(Entries taken from a collection)

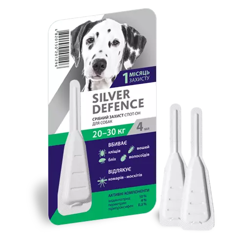 Капли на холку для собак Silver Defence - инсектоакарицидный препарат, который предназначен для уничтожения блох, иксодовых клещей, вшей и власоедов, паразитирующих на животных, защиты от нападения вышеупомянутых паразитов, комаров и москитов.
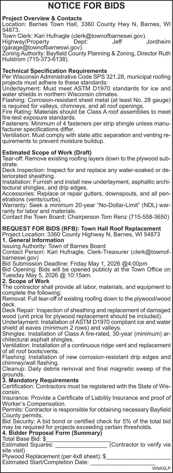 Apr 08, 2026. Town Of Barnes Public Notice Ads from Sawyer County Record
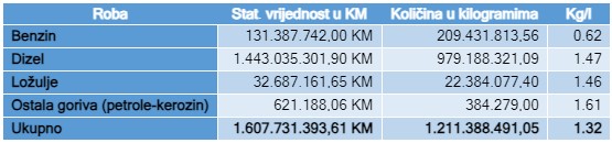 Prema podacima Uprave za indirektno oporezivanje BiH u prvih devet mjeseci ove godine najviše je uvezeno dizela-1,4 milijardi litara, ako se uzme da je prosječna cijena dizela 2,3 KM po litru, samo na dizel građani i privreda u BiH izdvojili su preko tri milijarde KM (3.310.635.711 KM). Benzina je potrošeno 129,8 miliona litara, a ako se uzme prosječna cijena od 2,2 KM, za ovo gorivo je utrošeno 285,6 miliona maraka. Na lož ulje, koje se najmanje koriti, utrošeno je oko 60 miliona KM.
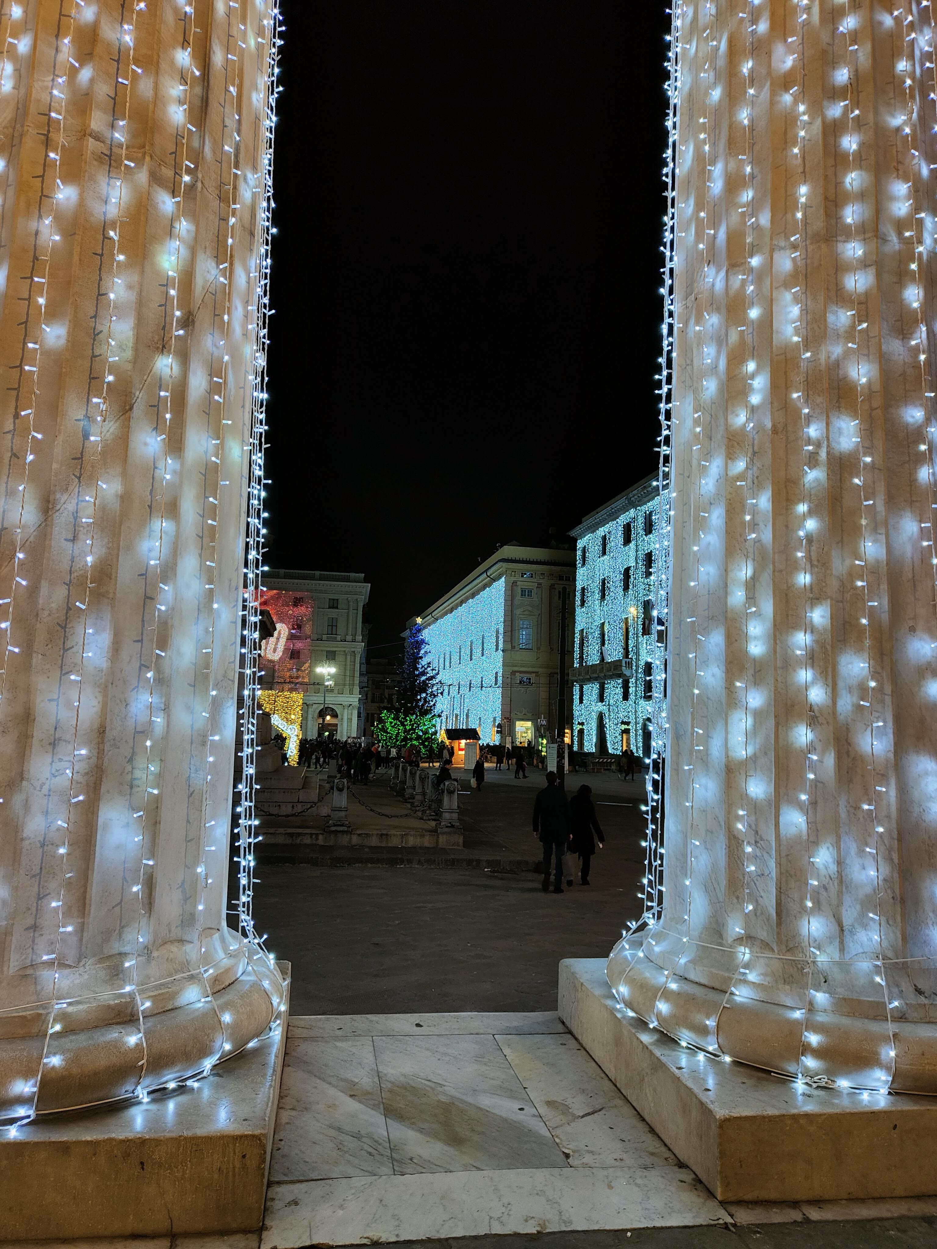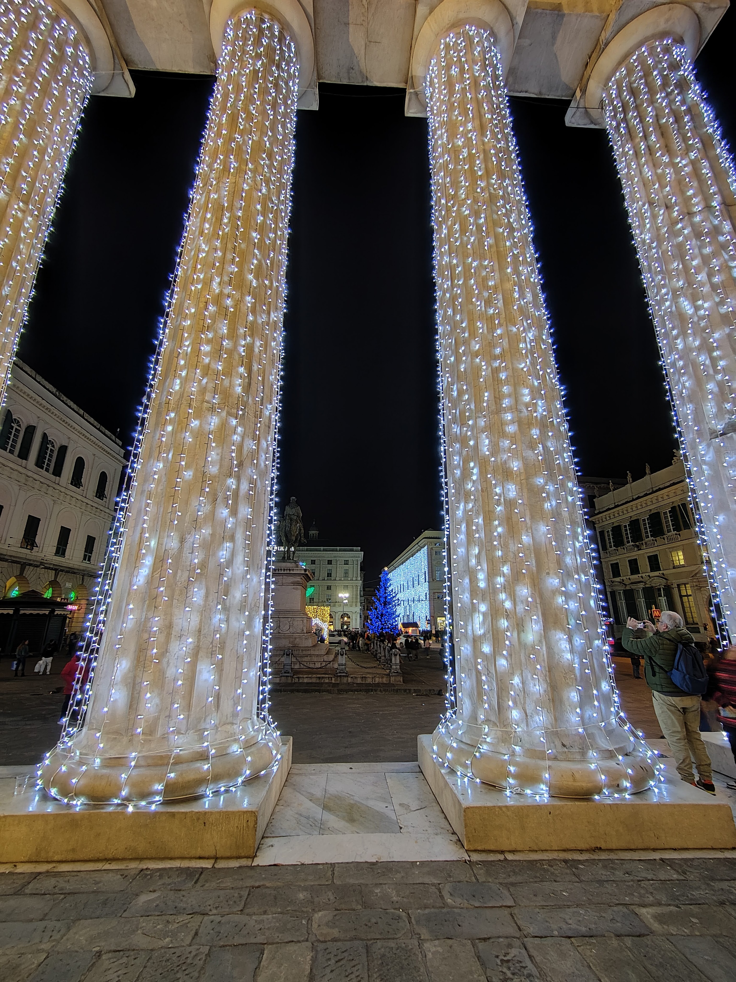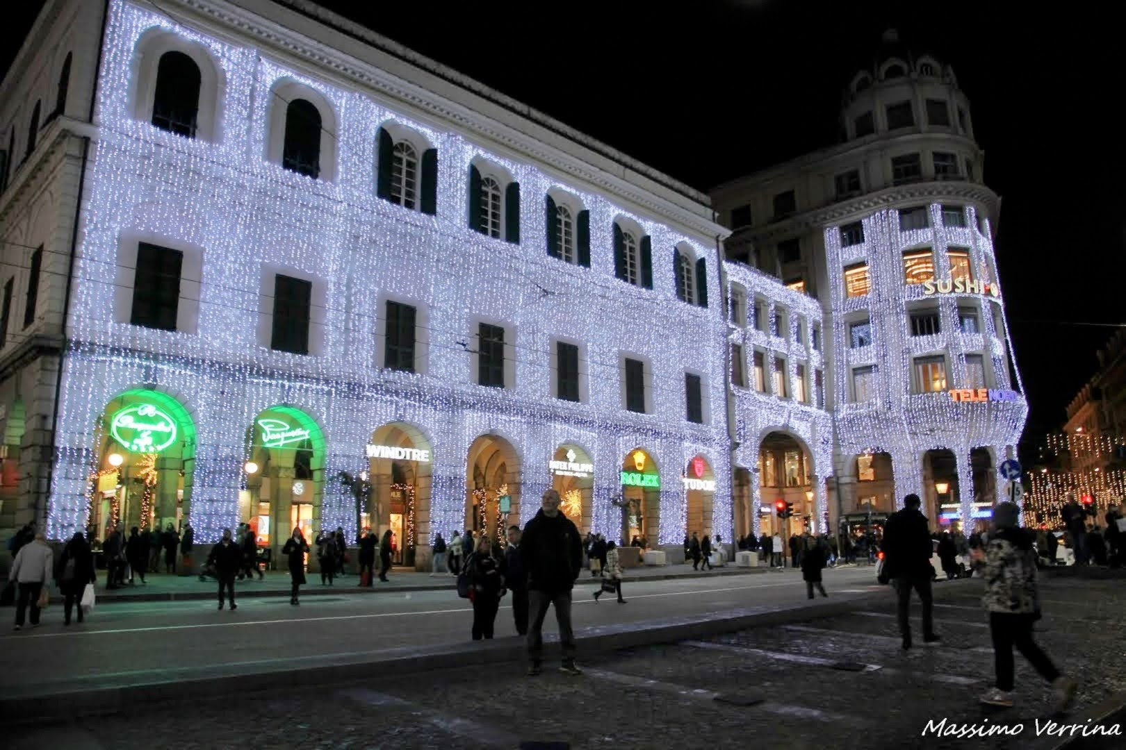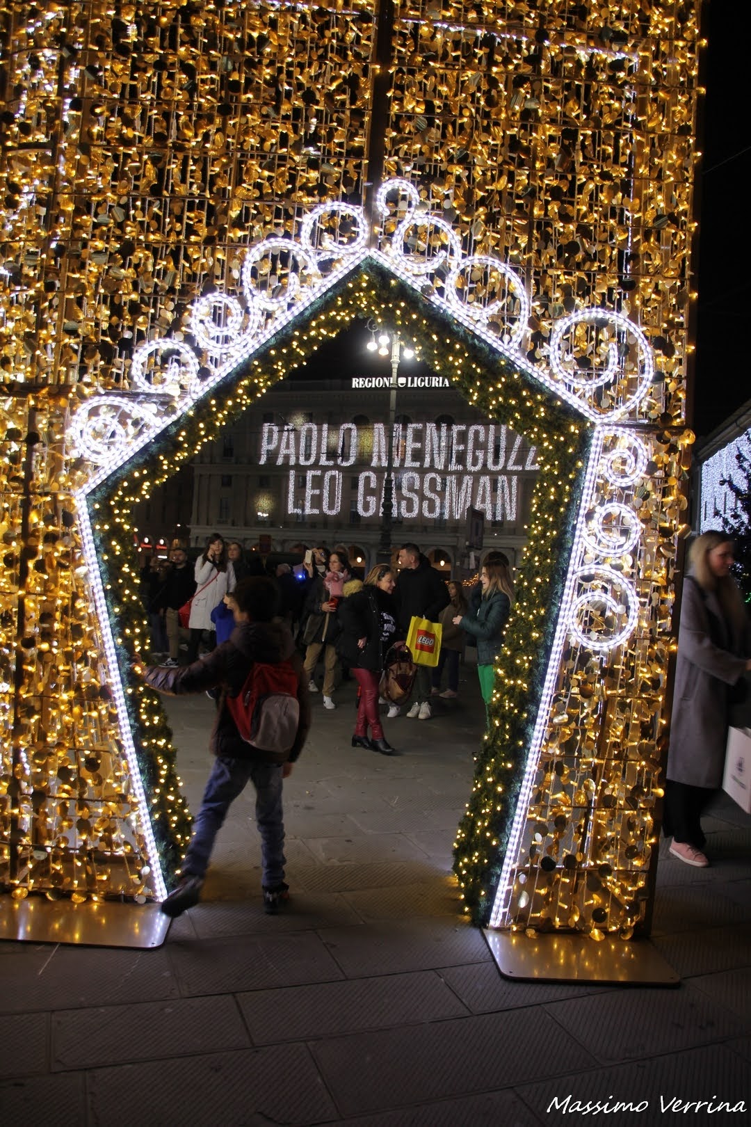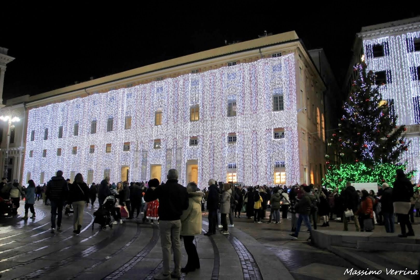 Tutto attorno a Piazza de Ferrari i palazzi sono avvolti di luci, decine di migliaia di led creano una scenografia meravigliosa che lascai davvero senza parole…
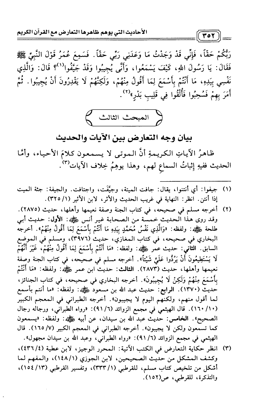 ظاهرُ الآياتِ الكريمةِ أنَّ الموتى لا يسمعون كلامَ الأحياء، وأمَّا الحديث ففيهِ إِثباتُ السماعِ لهم، وهذا يوهِمُ خِلاف الآيات. (¬3)
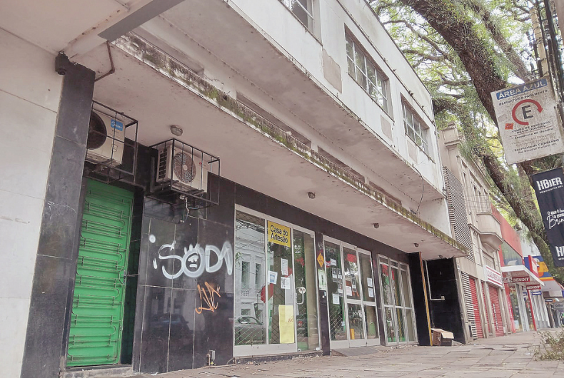 O imponente prédio que no passado foi sede da Caixa Econômica Estadual na Rua Marechal Floriano, entre a Fernando Abott e Ramiro Barcelos, em uma das áreas mais nobres do centro de Santa Cruz do Sul, sofre com a ação do tempo. Até maio deste ano, o local abrigava a agência da Fundação Gaúcha de Trabalho e Assistência Social (FGTAS/Sine). No entanto, em razão de danos causados pela chuva em excesso, a edificação precisou ser desocupada.
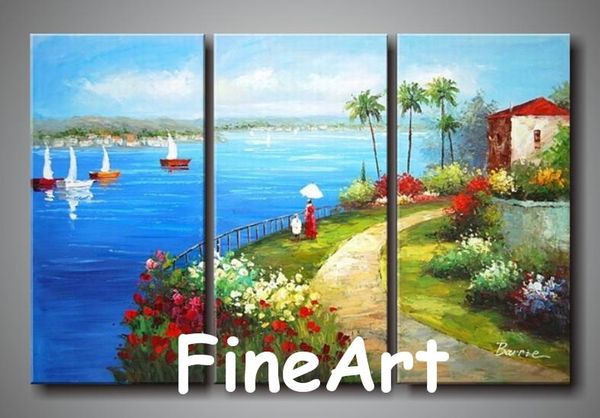 2019 Handmade Canvas Art Set 3 Mediterranean Landscape Oil Painting Wholesale Canvas Painting Ideas Decoration Of The Walls In The Bedroom From
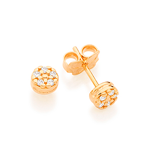 Brinco infantil formato redondo cravejado por 10 zircônias de 1,25 mm.
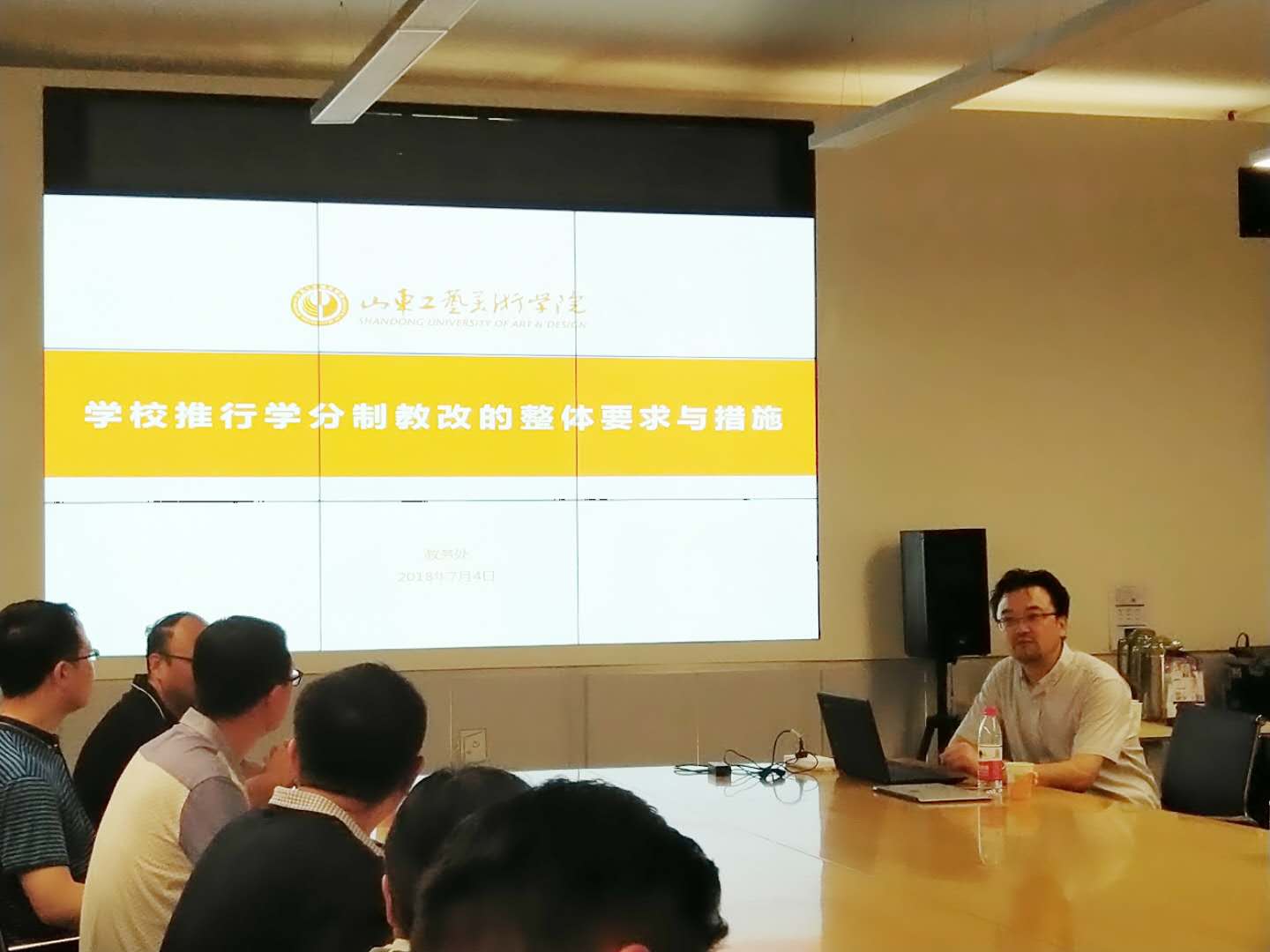 会议上,孙磊处长以《学校推行学分制教改的整体要求与措施》为题向全体与会人员做了专题讲座。首先,孙处长结合近期召开的全国高等学校本科教育工作会议精神,强调了学分制改革在高校本科教学和人才培养工作中的重要性。此后,结合国际通行的三类学分制教育模式以及国内其他艺术类院校试点学分制改革的经验,孙处长依次介绍了我校学分制改革的整体思路,并从课程门数与学分、课程属性与学分、课程逻辑与学分、课程结构与学分、各类选修课开课数量与时间计划、人才培养目标、课程与专业的关系、学生选课、教师开课能力等角度,对学分制改革和人才培养方案的修订工作进行了详细的说明。围绕学分制改革中与学生工作相关的德育与传统文化教育、创新创业教育、综合实践课程等方面,孙处长也结合我校实际进行了重点阐述,指出学分制改革重点在于培养学生的自我管理意识,实现以课程为核心、全过程育人的新模式。
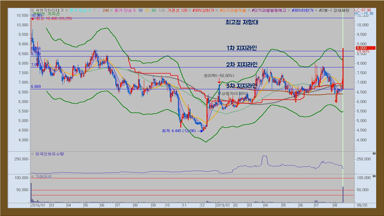 본 포스팅은 파파스드림이 씨앤지하이테크 종목을 매매하기 위한 시나리오를 작성한 것입니다. 파파스드림은 어떠한 경우에도 타인의 주식투자에 대한 책임을 지지 않습니다. 주식거래의 책임은 온전히 거래당사자에게 있음을 인지하시어 투자에 신중을 기해주세요.
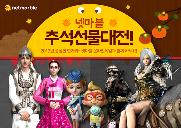 ... 우선 온라인 보드게임 '모두의마블'은 오는 16일부터 30일까지 이용자가 3판을 플레이 하거나 PC방 접속, 캐시 아이템 구매 시 송편을 제공한다. 송편은 웹 페이지에서 100% 아이템으로 교환 가능하다. 리얼야구게임 '마구더리얼'은 2013년 프로야구 포스트 시즌 사전
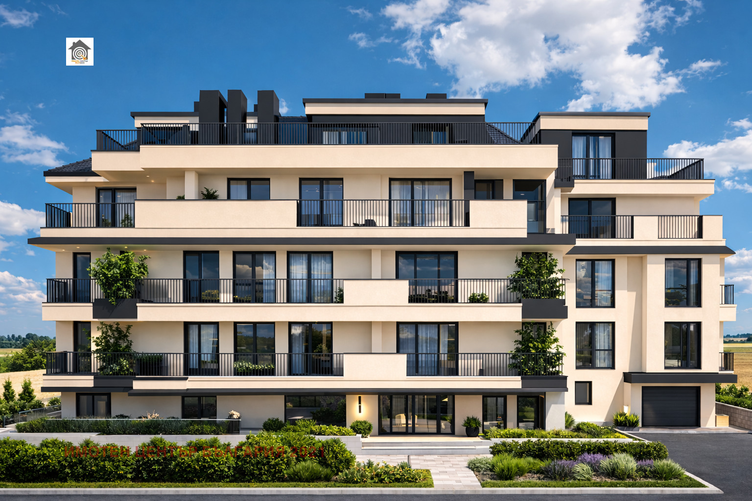 -Четири етажна сграда с подземни паркоместа и гаражи и богато озеленяване около нея; Луксозни общи части; Стълбища с технически камък; Тих хидравличен асансьор Комплектовани ОВ/ВиКи Електро инсталации; Пет камерна ПВЦ дограма Масивни входни врати,Изградени трасета за TV и интернет.
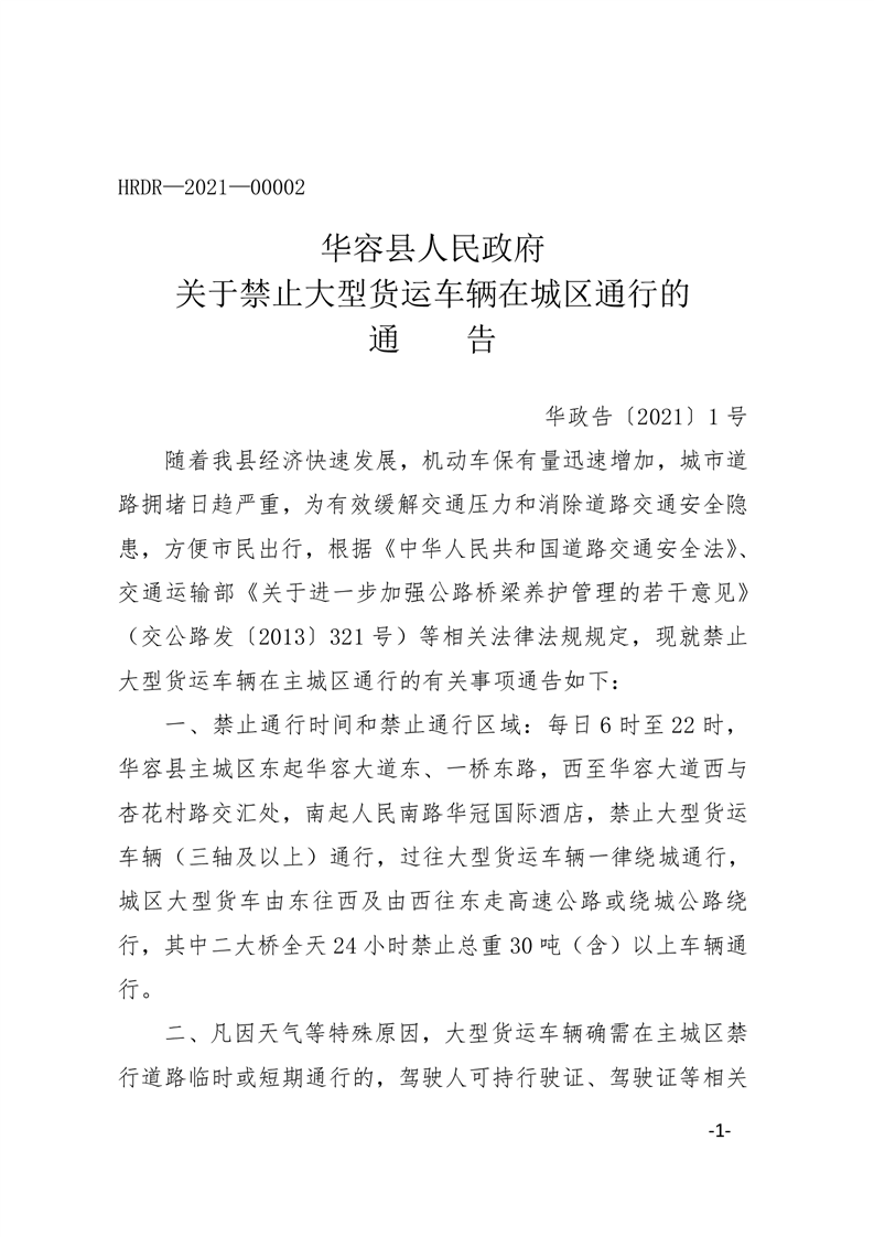 华容县人民政府关于禁止大型货运车辆在城区通行的通告

**Required work**. Every line above goes into your copy exactly; no images go in.

**Task solution**.
 Капли на холку для собак Silver Defence - инсектоакарицидный препарат, который предназначен для уничтожения блох, иксодовых клещей, вшей и власоедов, паразитирующих на животных, защиты от нападения вышеупомянутых паразитов, комаров и москитов.
 Apr 08, 2026. Town Of Barnes Public Notice Ads from Sawyer County Record
 Prema podacima Uprave za indirektno oporezivanje BiH u prvih devet mjeseci ove godine najviše je uvezeno dizela-1,4 milijardi litara, ako se uzme da je prosječna cijena dizela 2,3 KM po litru, samo na dizel građani i privreda u BiH izdvojili su preko tri milijarde KM (3.310.635.711 KM). Benzina je potrošeno 129,8 miliona litara, a ako se uzme prosječna cijena od 2,2 KM, za ovo gorivo je utrošeno 285,6 miliona maraka. Na lož ulje, koje se najmanje koriti, utrošeno je oko 60 miliona KM.
 Tutto attorno a Piazza de Ferrari i palazzi sono avvolti di luci, decine di migliaia di led creano una scenografia meravigliosa che lascai davvero senza parole…
 ظاهرُ الآياتِ الكريمةِ أنَّ الموتى لا يسمعون كلامَ الأحياء، وأمَّا الحديث ففيهِ إِثباتُ السماعِ لهم، وهذا يوهِمُ خِلاف الآيات. (¬3)
 O imponente prédio que no passado foi sede da Caixa Econômica Estadual na Rua Marechal Floriano, entre a Fernando Abott e Ramiro Barcelos, em uma das áreas mais nobres do centro de Santa Cruz do Sul, sofre com a ação do tempo. Até maio deste ano, o local abrigava a agência da Fundação Gaúcha de Trabalho e Assistência Social (FGTAS/Sine). No entanto, em razão de danos causados pela chuva em excesso, a edificação precisou ser desocupada.
 2019 Handmade Canvas Art Set 3 Mediterranean Landscape Oil Painting Wholesale Canvas Painting Ideas Decoration Of The Walls In The Bedroom From
 Brinco infantil formato redondo cravejado por 10 zircônias de 1,25 mm.
 会议上,孙磊处长以《学校推行学分制教改的整体要求与措施》为题向全体与会人员做了专题讲座。首先,孙处长结合近期召开的全国高等学校本科教育工作会议精神,强调了学分制改革在高校本科教学和人才培养工作中的重要性。此后,结合国际通行的三类学分制教育模式以及国内其他艺术类院校试点学分制改革的经验,孙处长依次介绍了我校学分制改革的整体思路,并从课程门数与学分、课程属性与学分、课程逻辑与学分、课程结构与学分、各类选修课开课数量与时间计划、人才培养目标、课程与专业的关系、学生选课、教师开课能力等角度,对学分制改革和人才培养方案的修订工作进行了详细的说明。围绕学分制改革中与学生工作相关的德育与传统文化教育、创新创业教育、综合实践课程等方面,孙处长也结合我校实际进行了重点阐述,指出学分制改革重点在于培养学生的自我管理意识,实现以课程为核心、全过程育人的新模式。
 본 포스팅은 파파스드림이 씨앤지하이테크 종목을 매매하기 위한 시나리오를 작성한 것입니다. 파파스드림은 어떠한 경우에도 타인의 주식투자에 대한 책임을 지지 않습니다. 주식거래의 책임은 온전히 거래당사자에게 있음을 인지하시어 투자에 신중을 기해주세요.
 ... 우선 온라인 보드게임 '모두의마블'은 오는 16일부터 30일까지 이용자가 3판을 플레이 하거나 PC방 접속, 캐시 아이템 구매 시 송편을 제공한다. 송편은 웹 페이지에서 100% 아이템으로 교환 가능하다. 리얼야구게임 '마구더리얼'은 2013년 프로야구 포스트 시즌 사전
 -Четири етажна сграда с подземни паркоместа и гаражи и богато озеленяване около нея; Луксозни общи части; Стълбища с технически камък; Тих хидравличен асансьор Комплектовани ОВ/ВиКи Електро инсталации; Пет камерна ПВЦ дограма Масивни входни врати,Изградени трасета за TV и интернет.
 华容县人民政府关于禁止大型货运车辆在城区通行的通告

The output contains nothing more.